Solid Gold Solution (53 bars)

[Ghost Post]

Take 1 bar from Room 1, 2 from Room 2, 3 from Room 3, 5 from Room 4, 8 from Room 5, 13 from Room 6 and 21 from Room 7 (53 bars total). NB: This is the Fibonacci sequence.

Let W = total weight of the bars, and Wm = 477 (the minimum weight 53 * 9)

W - Wm = Wx, or the Excess Weight.

Solve for Wx such that Wx = the sum of 4 of the terms 1,2,3,5,8,13,21. There is only one answer. E.g. if Wx = 35, we determine by iterative search that 1,5,8 & 21 are the four terms.

You can generate a number in "Fibonarry" - like binary, but with each digit representing a term (R -> L) in the Fibonacci sequence instead of the function x = 2^n e.g. as follows:

(21) (13) ( 8) ( 5) ( 3) ( 2) ( 1)
1011001

This number shows us that in this case Rooms 1, 4, 5 & 7 contain gold bars, whereas Rooms 2, 3 & 6 contain fake bars.

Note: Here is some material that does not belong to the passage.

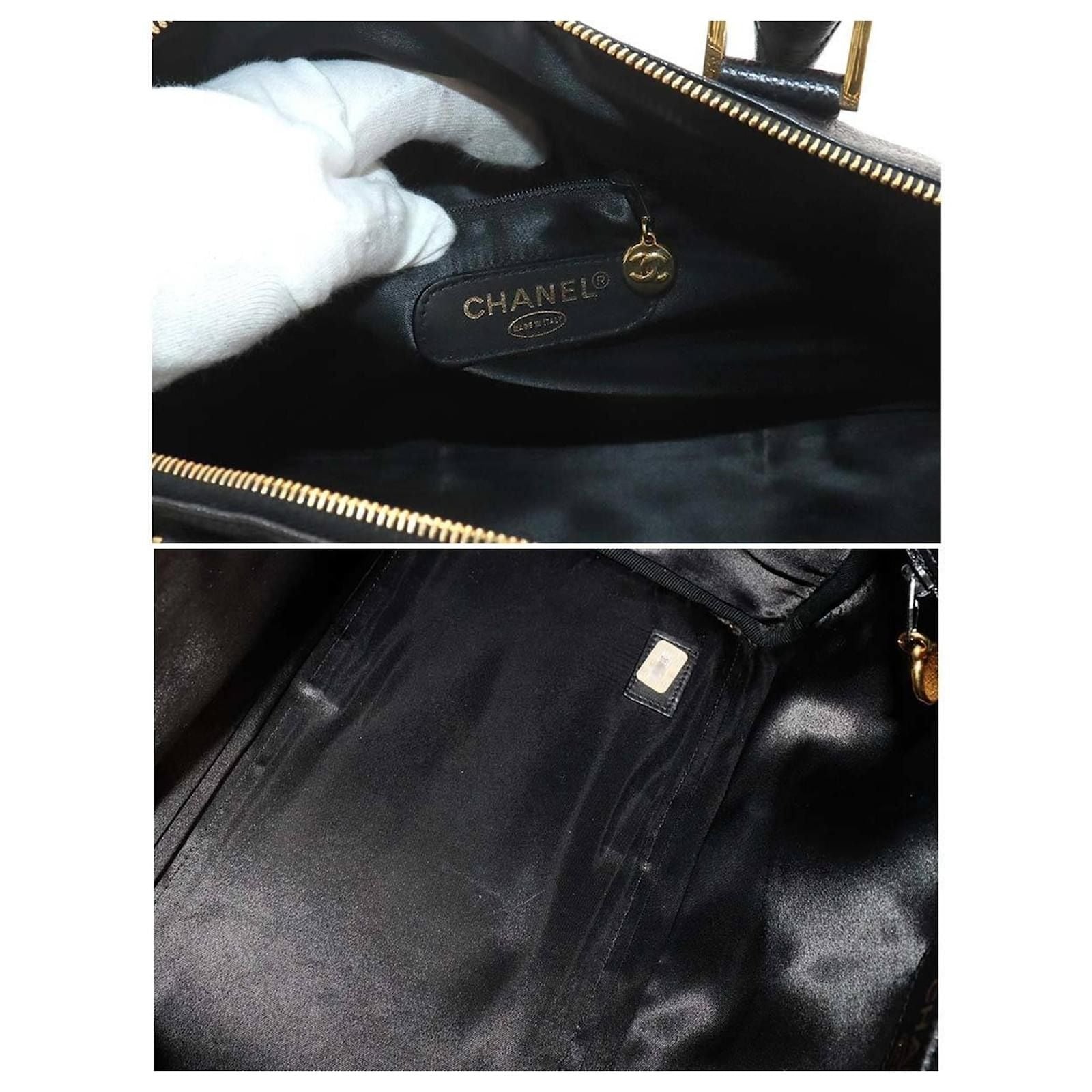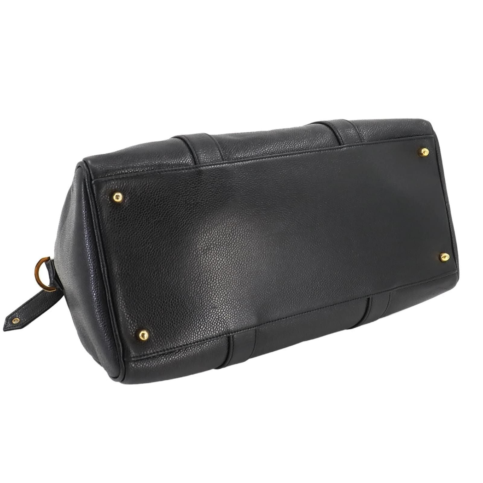 CHANEL Caviar Leather Large Bowler Bag Travel Bag Duffle Black CC Tote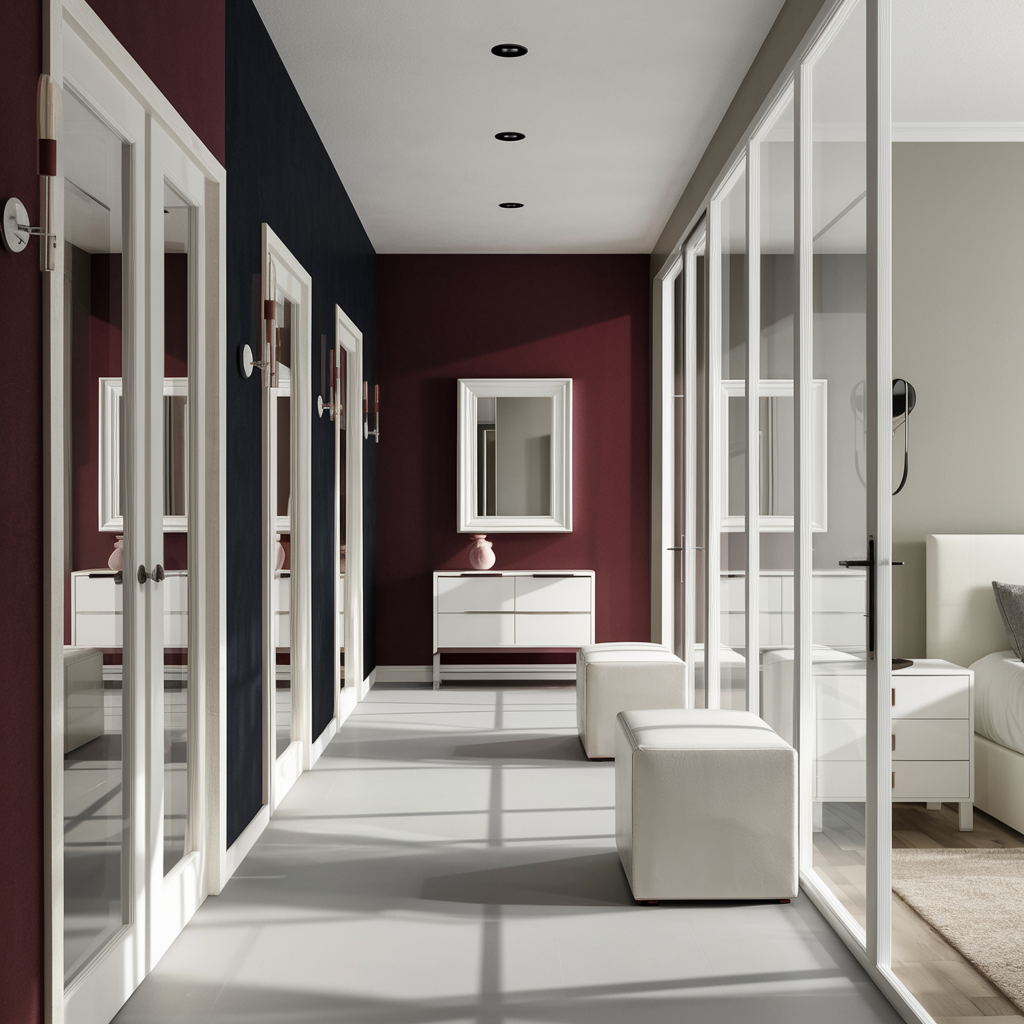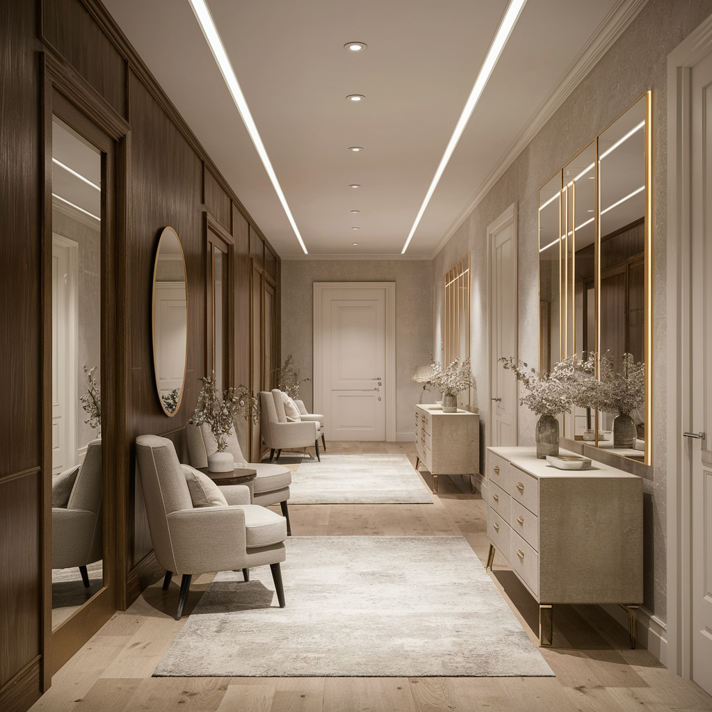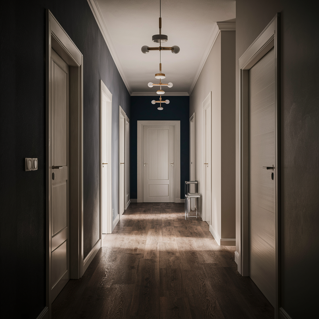 Creating a color scheme for dark hallways requires thoughtful selection of hues that can reflect light and enhance the space’s brightness. Maybe you can use different tones of soft colors such as different types of white or beige using mono-colored scheme technique. In another way, you can include light neutral tones with soft pastel issues to provide a little bit of creativity and at the same time, the hallways will remain wide and light.

With one weighing of 53 bars we have reached the most efficient solution.

The reason why this is the most economical answer is because the Fibonacci sequence is the lowest exponential sequence composed of whole numbers. An exponential sequence is what we need to use here to avoid the addition problem inherent in arithmetic sequences.

Because F(x) = F(x-1) + F(x-2), you don't have the problem as in the arithmetic sequence (1,2,3,4,5,6,7) where for instance the 4th & 5th terms are equal to the 3rd & 6th terms. As others have suggested, the binary sequence would work just fine but it is not quite as efficient.

The Fibonacci sequence has the special property of being both an arithmetic sequence and an exponential sequence (x to the power of the Golden Ratio, or approx. x^1.61, plus an error term). Lucky for us it kicks out whole numbers!

Don't know if I explained that well, but there it is!

Regards,


Joe

P.S. Would you kindly forward my gold bar reward by air mail - I could use it!

[mwf]

Sorry, we could not ship you your bar. After we took the corect number of bars from each of the vault and weighed them. We came out 24K short. Now the mathmaticans ran into a roadblock. Do they use 21+2+1 or 13+8+3 to get 24?

This should have been posted under the thread "Solid gold - not adequate for real life situations"

[Ghost Post]

The solution is to weigh together the bars in the following quantities:
Vault Bars
1 0
2 1
3 2
4 4
5 8
6 16
7 32

For a total of 63 bars.

This combination with give a unique weight value, where the weight difference can be used to determine which vaults have fake bars and which have real ones. It also minimizes the number of bars being weighed.

[QuikSand]